3.1 Selection of Significant Regulatory Modules

Total 175 modules are generated by implementing the MIMRMS and K-NN rule. The leave one out accuracy of each module varied from 0% to 48.43%. Next, STRING database [17] is used to generate connections between the genes of each module to check whether the genes of obtained modules are involved in same biological function or not. The database uses information from experimentally validated connections, prediction, text mining, and so forth for creating a connection between two genes or proteins. STRING database stores the information of protein-protein interaction. It also provides the statistical significance for a particular protein-protein interaction network (PPIN). The statistical significance of networks is quantified using P-value.

Table 1 represents the total number of significant regulatory networks (P-value < 0.05) generated by MatrixEQTL, mRMR, and MIMRMS algorithm. From the table, it is seen that MatrixEQTL, mRMR, and MIMRMS algorithms generate significant PPI network. However, only MatrixEQTL and MIMRMS algorithms generate Network with very low P-value = 0. The MatrixEQTL generates only one network with P-value = 0 whereas, the MIMRMS generates five highly significant P-value = 0 networks. The details of all six (one MatrixEQTL and five MIMRMS) modules are presented in Table 2. The images of few networks are provided in Fig. 1. From the figure, it is seen that the networks generated are highly inter-connected and compact. They also suggests that the MIMRMS based approach selects significant regulatory modules.

Table 1. Number of significant modules generated By MatrixEQTL, mRMR, and MIMRMS
Table 2. Description of most significant modules
Fig. 1.
figure 1

PPINs generated by STRING for MatrixEQTL and MIMRMS algorithms

3.2 Pathway Enrichment Analysis

For the biological interpretation of highly significant modules P-value = 0, the Cytoscape [16] plug-in ClueGO [2] has been used to perform pathway enrichment analysis. Genes of significant modules are used for pathway enrichment analysis. For the current analysis, the threshold for P-Value was set to 0.05 and the minimum number of genes associated with a term was set to 3. WikiPathways database [9] has been used as background database for the current study.

Fig. 2.
figure 2

Pathway enrichment analysis

Figure 2 represents pathway terms obtained by MatrixEQTL and MIMRMS. From the figure, it is seen that the module selected by MatrixEQTL contains genes that are mainly associated with the process of protein synthesis. It indicates that they are housekeeping genes. On the other hand, modules generated by MIMRMS algorithm generates modules whose members are more associated with pathways in cancer. However, two modules from MIMRMS algorithm selected housekeeping genes. The terms generated for MIMRMS modules like miRNA targets in ECM and membrane receptors, Senescence and Autophagy in Cancer, and so forth are cancer associated pathways.

3.3 Disease Ontology Enrichment Analysis

Further analysis of the most significant networks (one MatrixEQTL and 5 MIMRMS) was done using disease ontology (DO) enrichment analysis. The R package DOSE [18] was used. This package identifies a statistically significant disease ontology term that is associated with a set of genes. Here, DO id’s with P-value 0.05 are selected. Table 3 represents the DO terms and their respective P-values. From the table, it is seen that the MatrixEQTL do not generate any relevant DO term with respect to Ovarian cancer. Whereas, one of the modules of the MIMRMS generates DO term that is highly relevant to Ovarian cancer (bold text). The result indicates that the MIMRMS algorithm efficiently selects regulatory networks compare to other existing methods.

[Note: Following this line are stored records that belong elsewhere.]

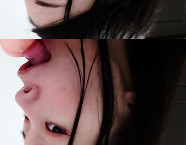 Close up with japanese getting mouth jizzed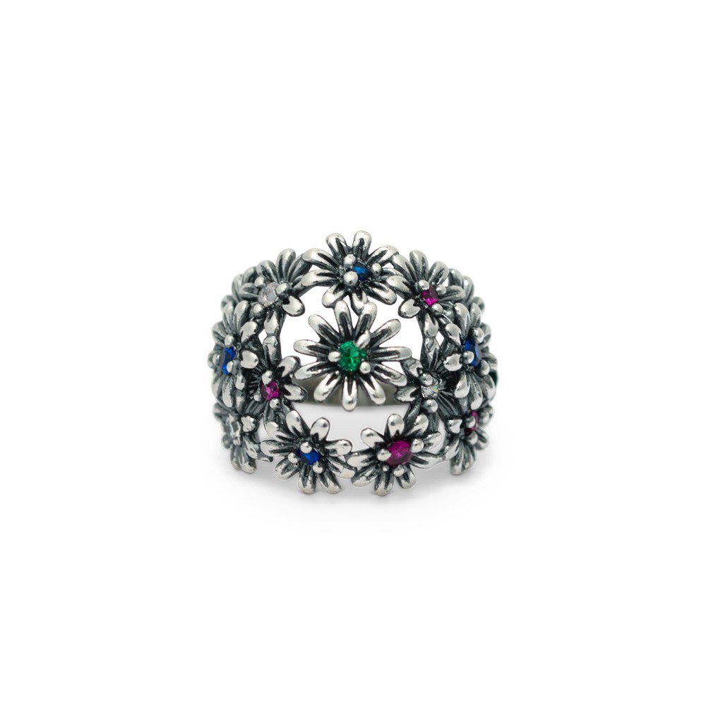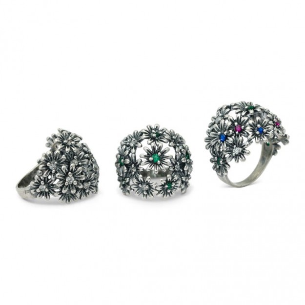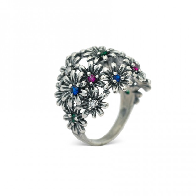 Anello in argento 925 con cuore tempestato di topazi bianchi. Un gioiello dal fascino romantico, valorizzato da un pavé fitto che illumina con...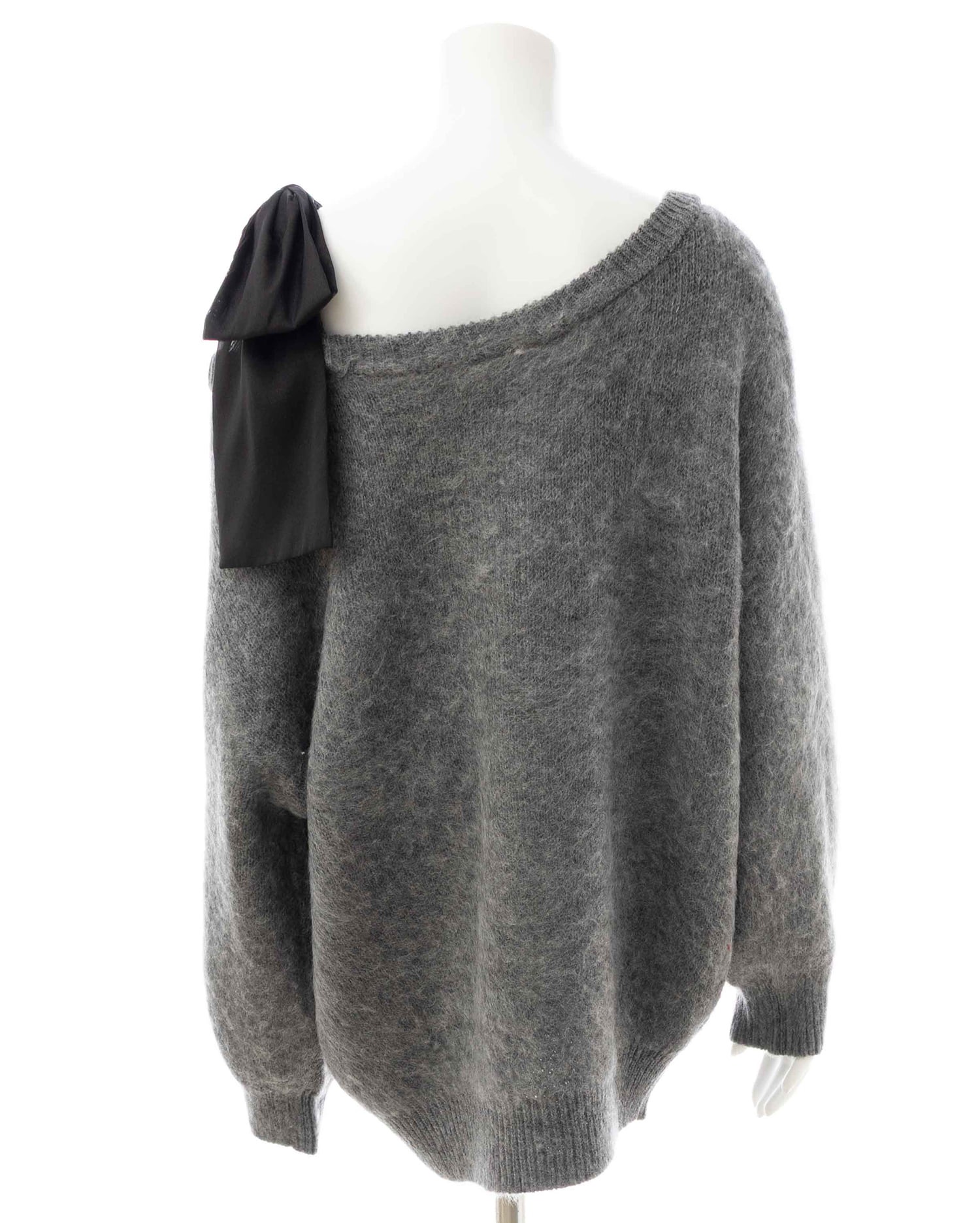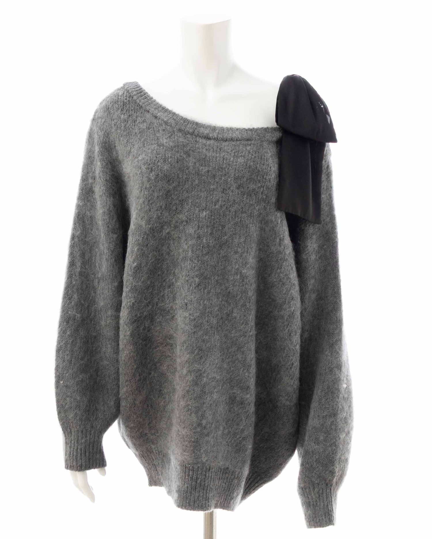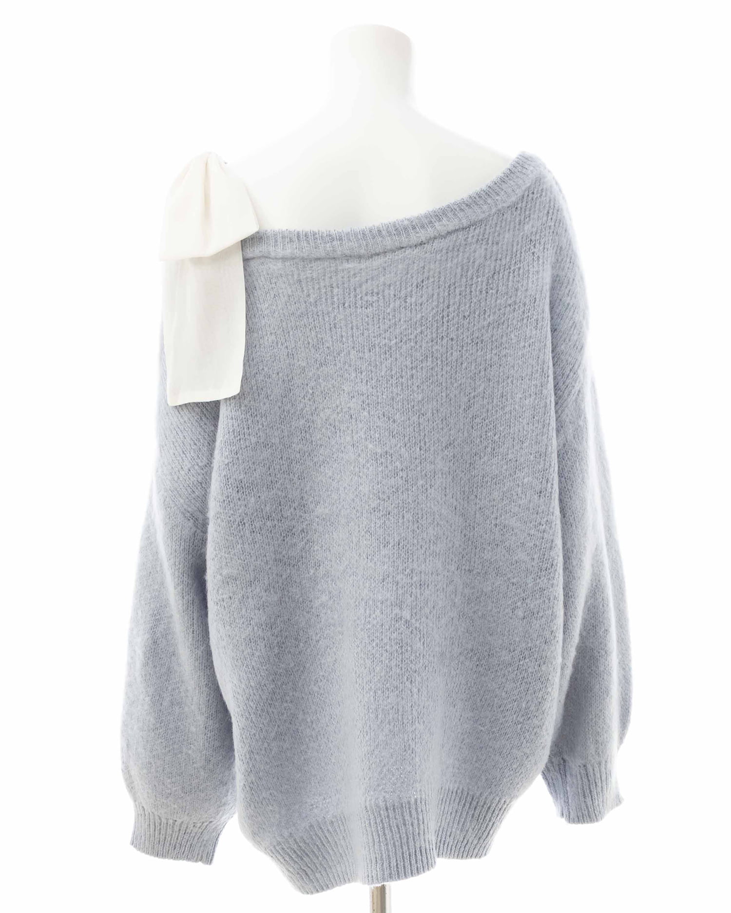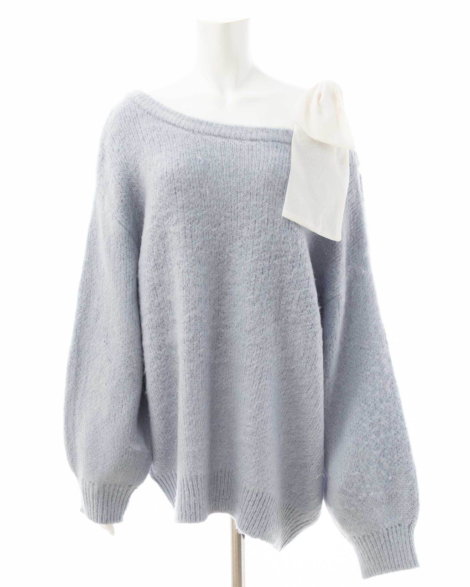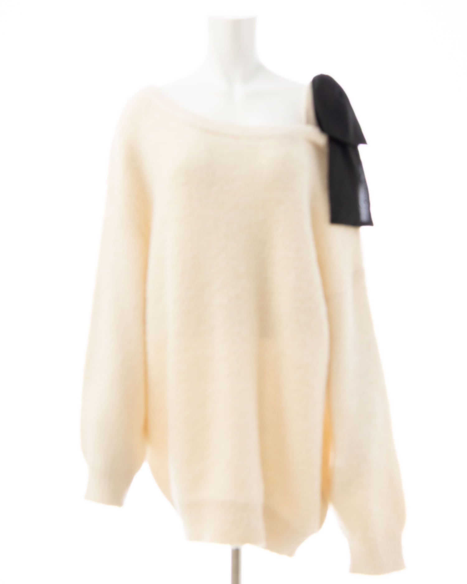1254-900343 肩リボンワンショルシャギーチュニックニット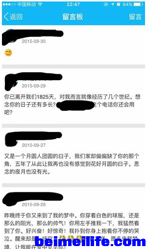 近日,论坛中一位网友的发帖引来了无数人泪崩感动。帖子中写到该网友无意中点进了已故5年多的高中同学的QQ空间,却发现自2010年同学不幸离世至今5年多的时间里,同学母亲一直坚持不断地在儿子的QQ空间留言板上留言。+ q/ ^3 Z+ D) \2 ?. h

According to miR2Disease [8] all the miRNAs mentioned (both MatrixEQTL and MIMRMS) in Table 2 are associated with ovarian cancer.

Table 3. Comparative analysis of association of modules with diseases

4 Conclusions

The paper presents an integrative approach for automatic detection of regulatory network by applying the existing MIMRMS algorithm. The importance of MIMRMS algorithm over other existing algorithms is demonstrated in terms of identification of miRNA-mRNA regulatory modules. The MIMRMS algorithm generates more significant regulatory modules that are highly related to ovarian cancer. The obtained regulatory modules may be helpful for understanding the underlying etiology of the disease.